(Task): Beginning with the line containing "Шоколадные конфеты Only" and going on through the line containing "階段は、1段1段丁寧に、掃いていきます。", the lines below are to be returned exactly, pictures excluded and nothing added.

BEGIN Available records

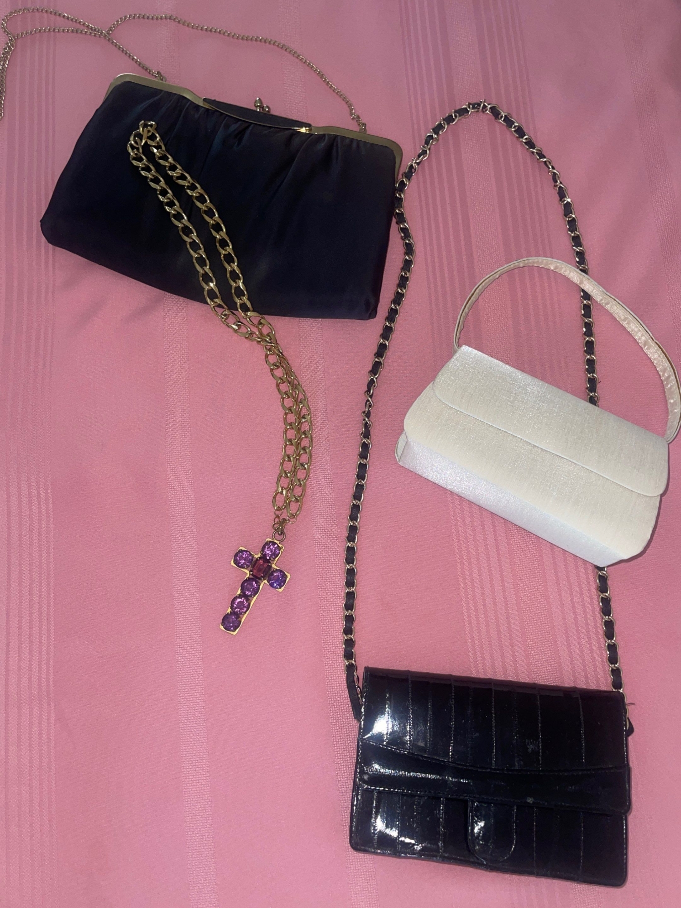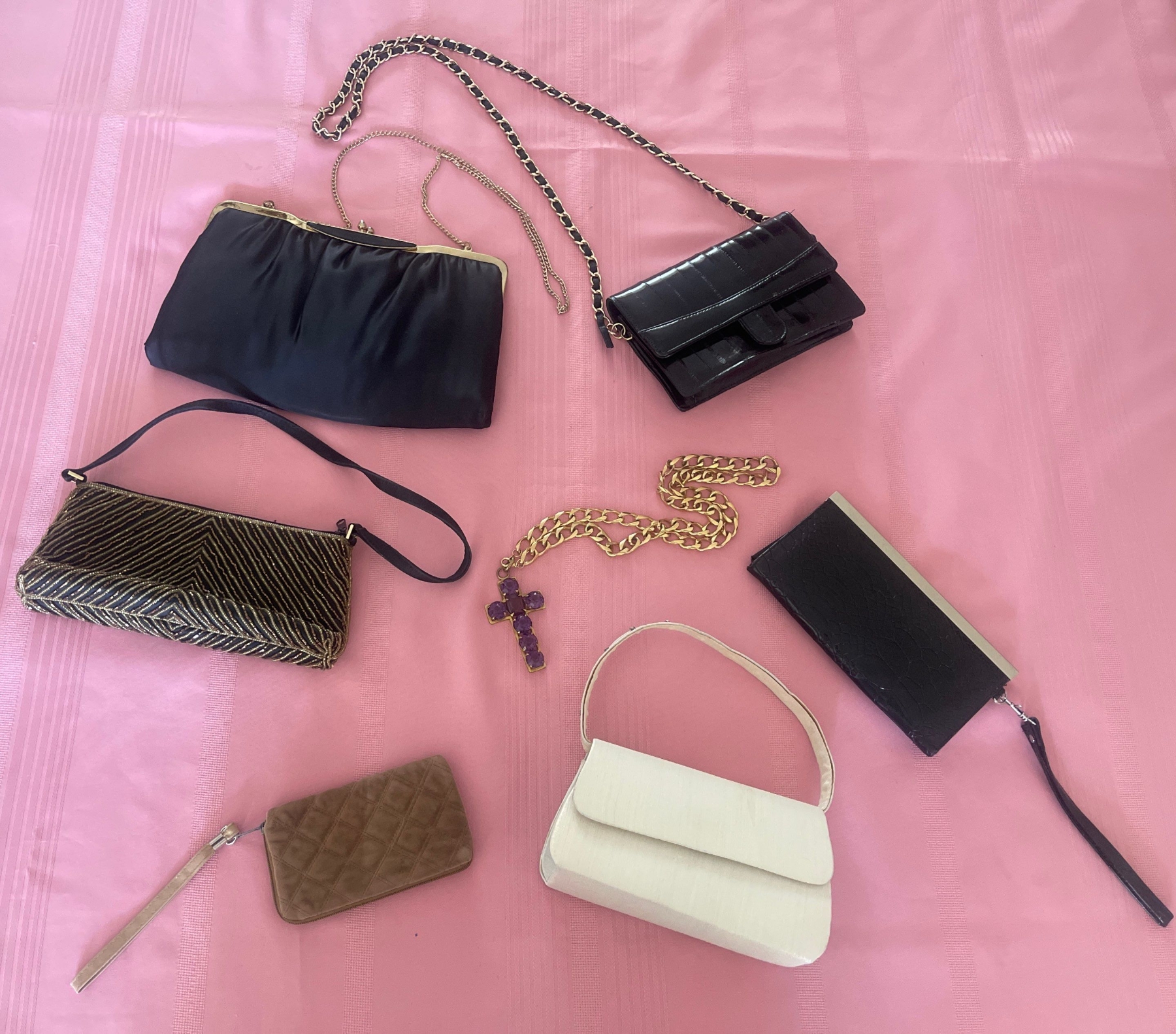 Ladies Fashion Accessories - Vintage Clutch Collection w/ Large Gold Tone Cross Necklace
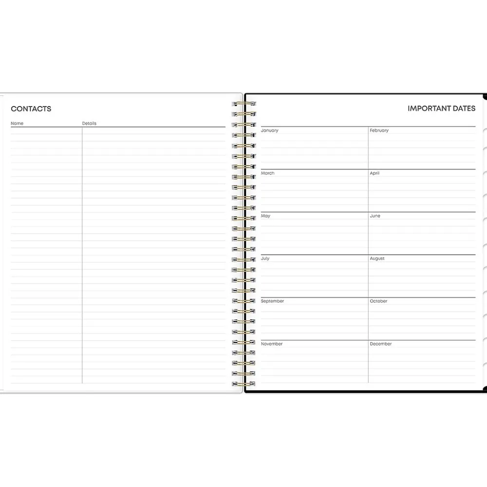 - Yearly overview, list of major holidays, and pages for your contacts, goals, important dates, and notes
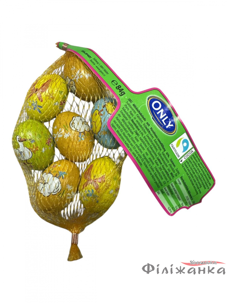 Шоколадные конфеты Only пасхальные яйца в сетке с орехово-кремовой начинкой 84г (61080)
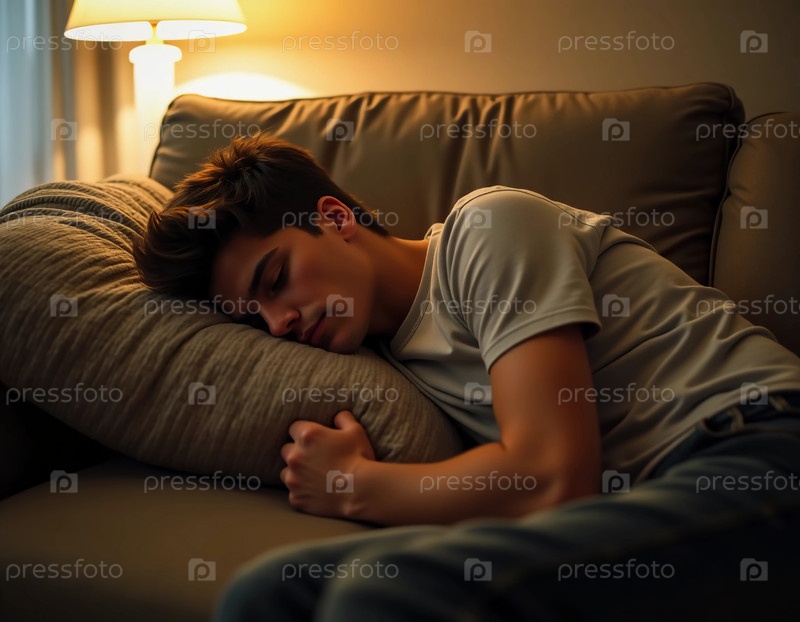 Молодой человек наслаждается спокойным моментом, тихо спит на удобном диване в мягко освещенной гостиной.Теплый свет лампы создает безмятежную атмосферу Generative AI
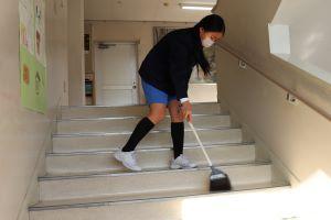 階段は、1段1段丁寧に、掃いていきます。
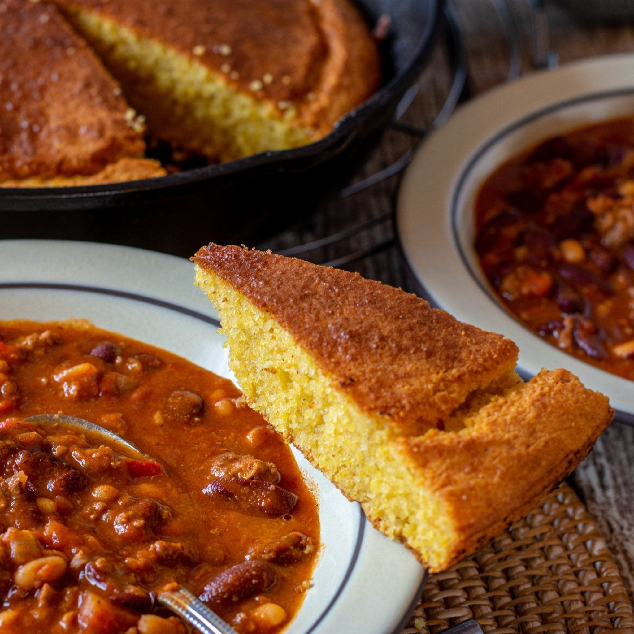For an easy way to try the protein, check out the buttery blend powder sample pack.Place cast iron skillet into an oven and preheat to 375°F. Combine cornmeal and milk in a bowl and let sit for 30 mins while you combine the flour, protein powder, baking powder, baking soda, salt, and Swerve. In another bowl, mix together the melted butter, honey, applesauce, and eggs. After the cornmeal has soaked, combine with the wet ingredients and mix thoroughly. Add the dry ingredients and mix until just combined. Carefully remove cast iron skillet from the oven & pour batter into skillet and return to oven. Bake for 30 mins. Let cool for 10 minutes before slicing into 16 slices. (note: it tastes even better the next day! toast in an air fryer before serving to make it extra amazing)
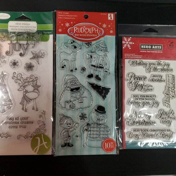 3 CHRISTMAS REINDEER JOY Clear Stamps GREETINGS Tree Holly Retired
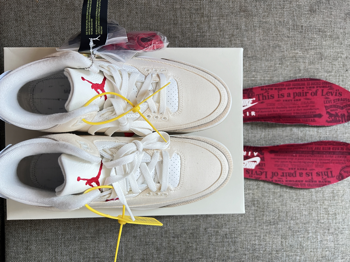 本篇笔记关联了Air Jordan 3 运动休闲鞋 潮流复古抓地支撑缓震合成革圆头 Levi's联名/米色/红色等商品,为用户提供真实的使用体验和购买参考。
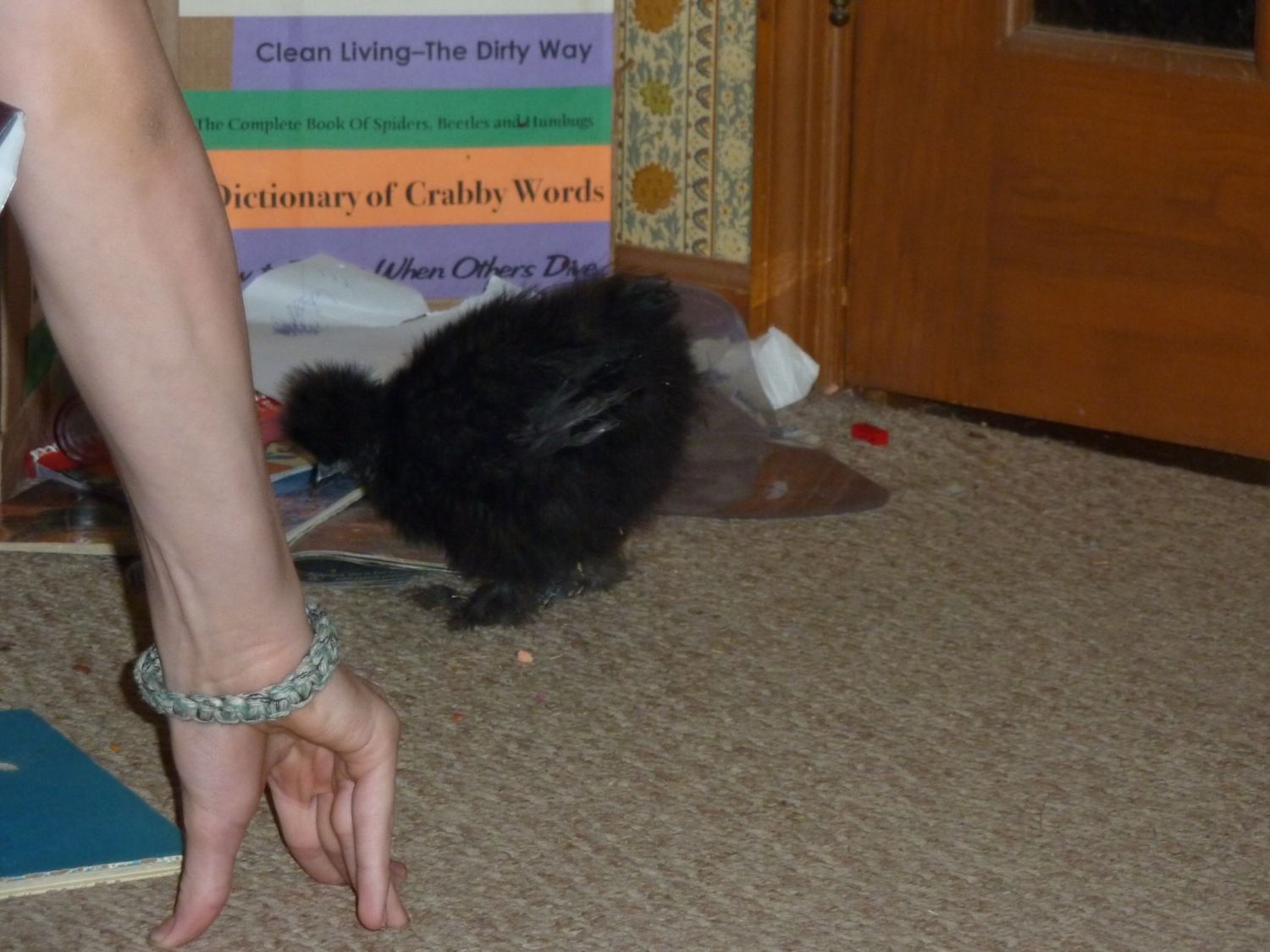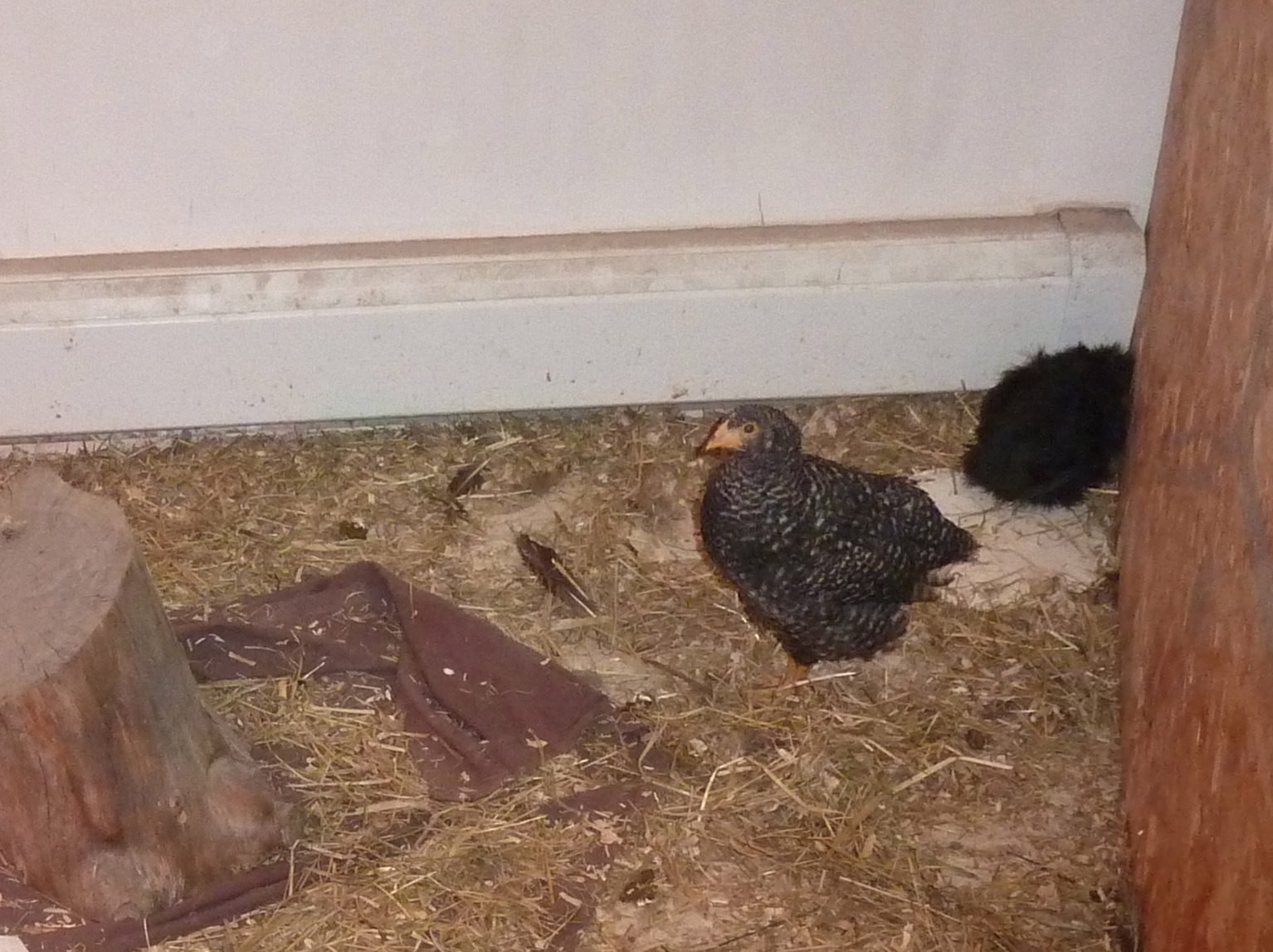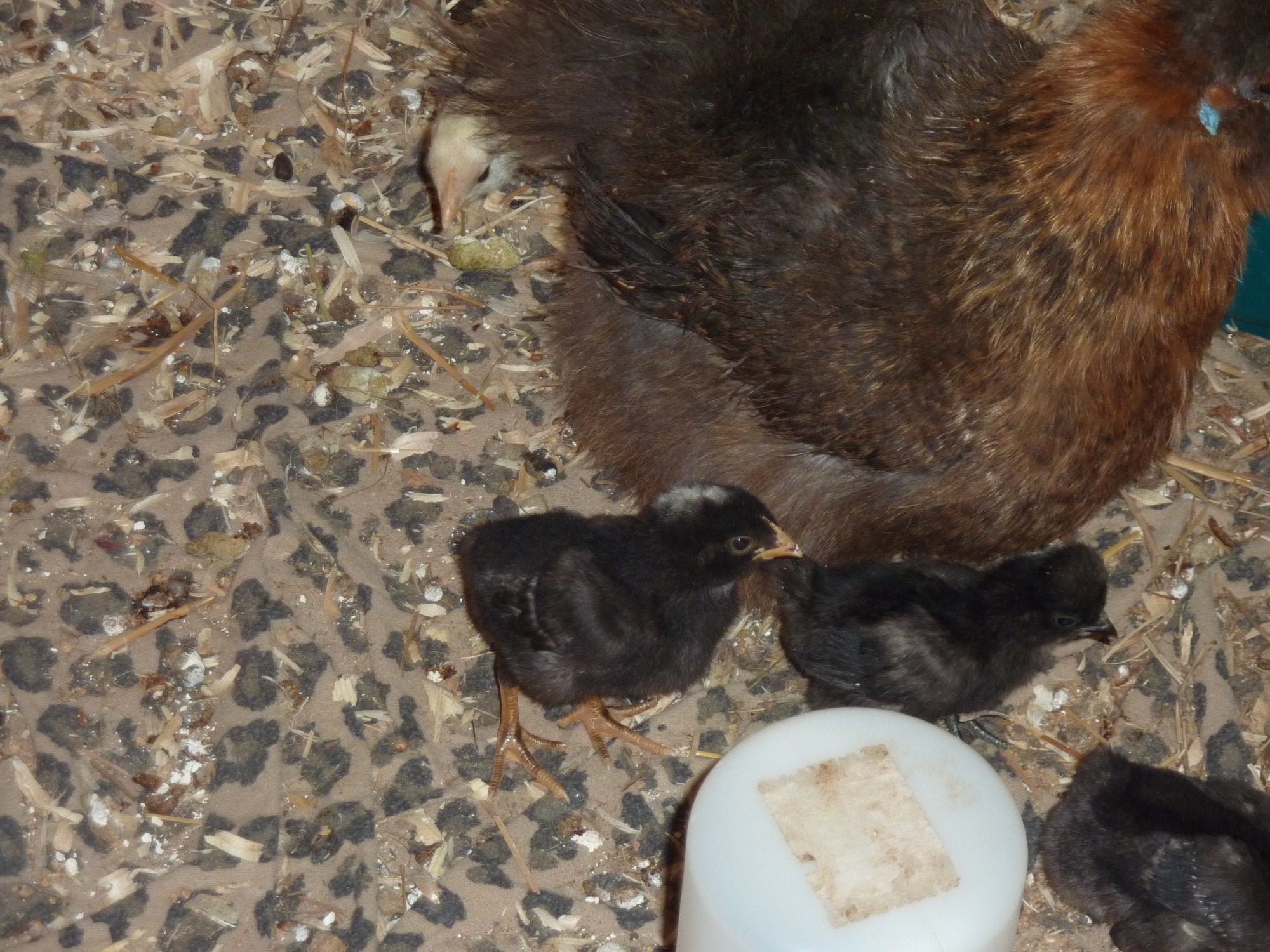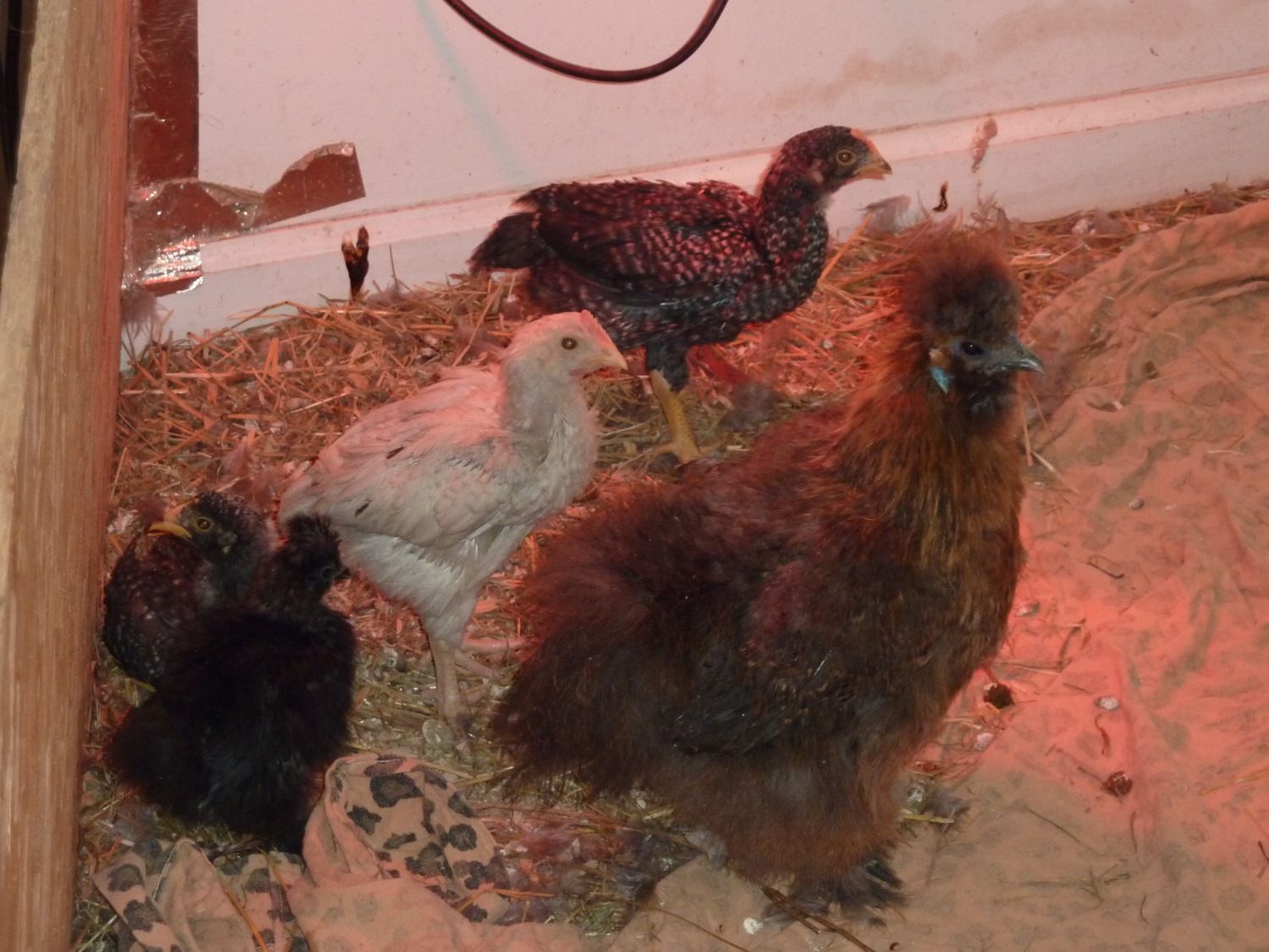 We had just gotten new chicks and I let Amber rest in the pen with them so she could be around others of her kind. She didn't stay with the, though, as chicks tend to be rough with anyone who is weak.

END Available records

(Result of the task):
 Шоколадные конфеты Only пасхальные яйца в сетке с орехово-кремовой начинкой 84г (61080)
 Молодой человек наслаждается спокойным моментом, тихо спит на удобном диване в мягко освещенной гостиной.Теплый свет лампы создает безмятежную атмосферу Generative AI
 階段は、1段1段丁寧に、掃いていきます。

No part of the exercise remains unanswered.